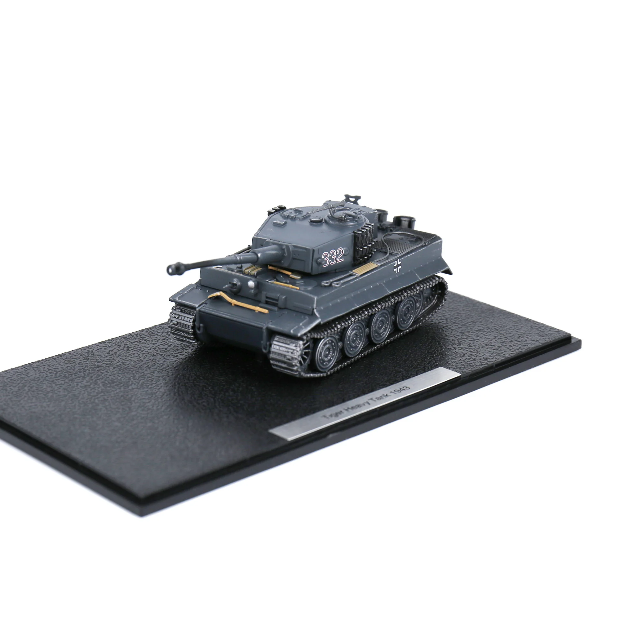 Step into history with this meticulously crafted 1/72 scale Tiger Heavy Tank from 1943. Rendered in a striking dark gray matte finish, this model captures the rugged, military aesthetic with exceptional precision. Its surface highlights fine panel lines, rivets, and intricate details like hatching hatches, periscopes, and a mounted machine gun, creating a highly realistic miniature replica. The tracks are composed of detailed individual links, seamlessly wrapping around the patterned road wheels to enhance authenticity. The sloped armor design and rounded gun barrel, with its smooth cylindrical shape, emphasize its formidable structure. Subtle weathering effects add depth, suggesting wear and tear, making it a perfect collectible for enthusiasts and history buffs alike. This model exudes durability, craftsmanship, and historical accuracy.
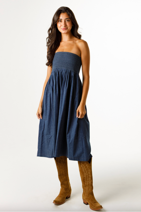 You asked for it and we did it, we made a SKIRT! This smocked waist skirt can be styled for your afternoon soirees or your party evenings. Midi length, wide smocked waist, pleats and stretch denim.
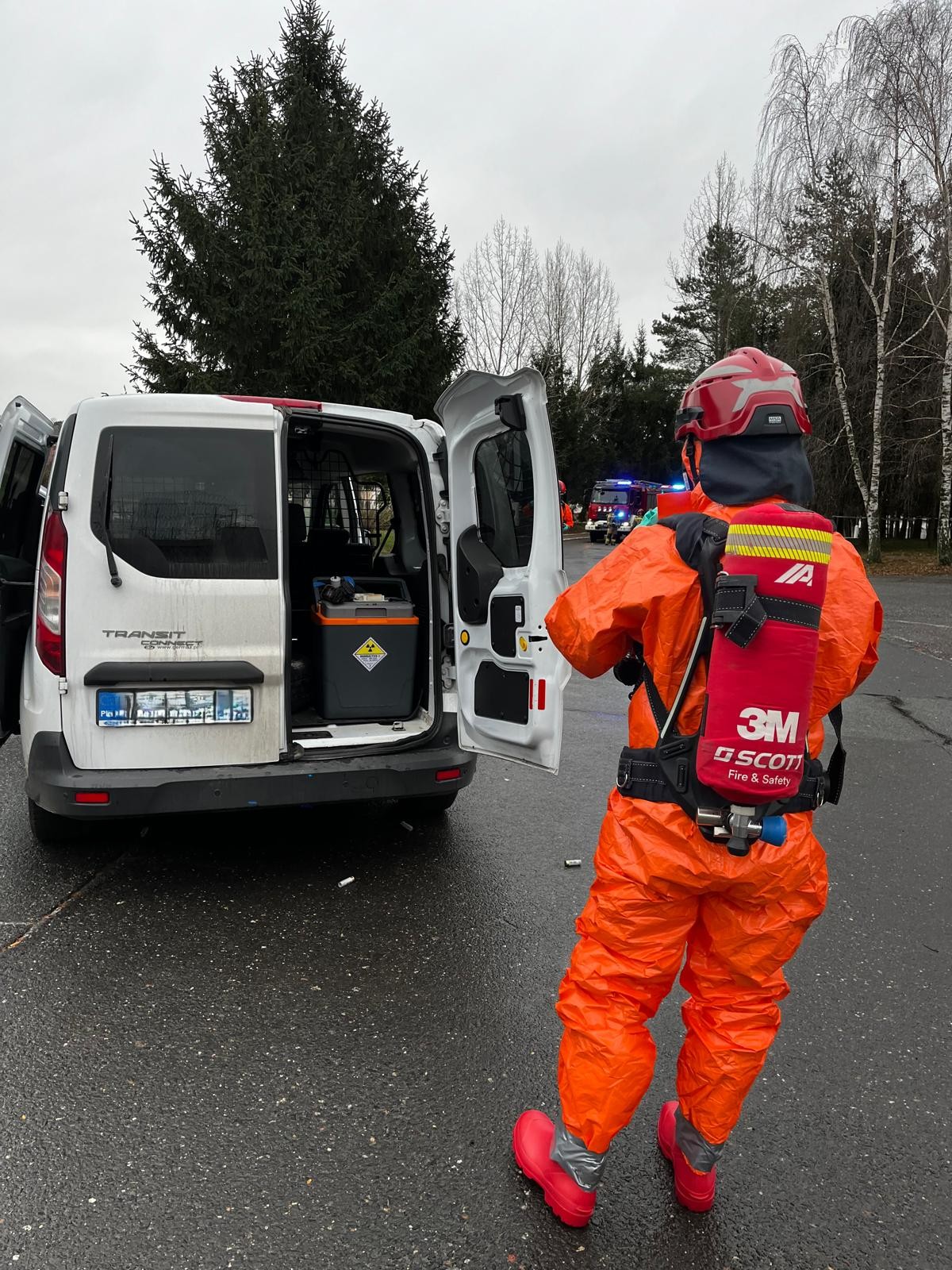 Jeden z epizodów ćwiczeń dotyczył przesyłki promieniotwórczej w samochodzie. Działania strażaków z Jednostki Ratowniczo-Gaśniczej w Strzelinie polegały na wykonaniu pomiarów dozymetrycznych, wyznaczeniu strefy gorącej oraz przeszukaniu miejsca zdarzenia pod kątem obecności osób poszkodowanych.

What is needed: Without including any image, reproduce the full listing above as written.

Reply to the task:
 Step into history with this meticulously crafted 1/72 scale Tiger Heavy Tank from 1943. Rendered in a striking dark gray matte finish, this model captures the rugged, military aesthetic with exceptional precision. Its surface highlights fine panel lines, rivets, and intricate details like hatching hatches, periscopes, and a mounted machine gun, creating a highly realistic miniature replica. The tracks are composed of detailed individual links, seamlessly wrapping around the patterned road wheels to enhance authenticity. The sloped armor design and rounded gun barrel, with its smooth cylindrical shape, emphasize its formidable structure. Subtle weathering effects add depth, suggesting wear and tear, making it a perfect collectible for enthusiasts and history buffs alike. This model exudes durability, craftsmanship, and historical accuracy.
 You asked for it and we did it, we made a SKIRT! This smocked waist skirt can be styled for your afternoon soirees or your party evenings. Midi length, wide smocked waist, pleats and stretch denim.
 Jeden z epizodów ćwiczeń dotyczył przesyłki promieniotwórczej w samochodzie. Działania strażaków z Jednostki Ratowniczo-Gaśniczej w Strzelinie polegały na wykonaniu pomiarów dozymetrycznych, wyznaczeniu strefy gorącej oraz przeszukaniu miejsca zdarzenia pod kątem obecności osób poszkodowanych.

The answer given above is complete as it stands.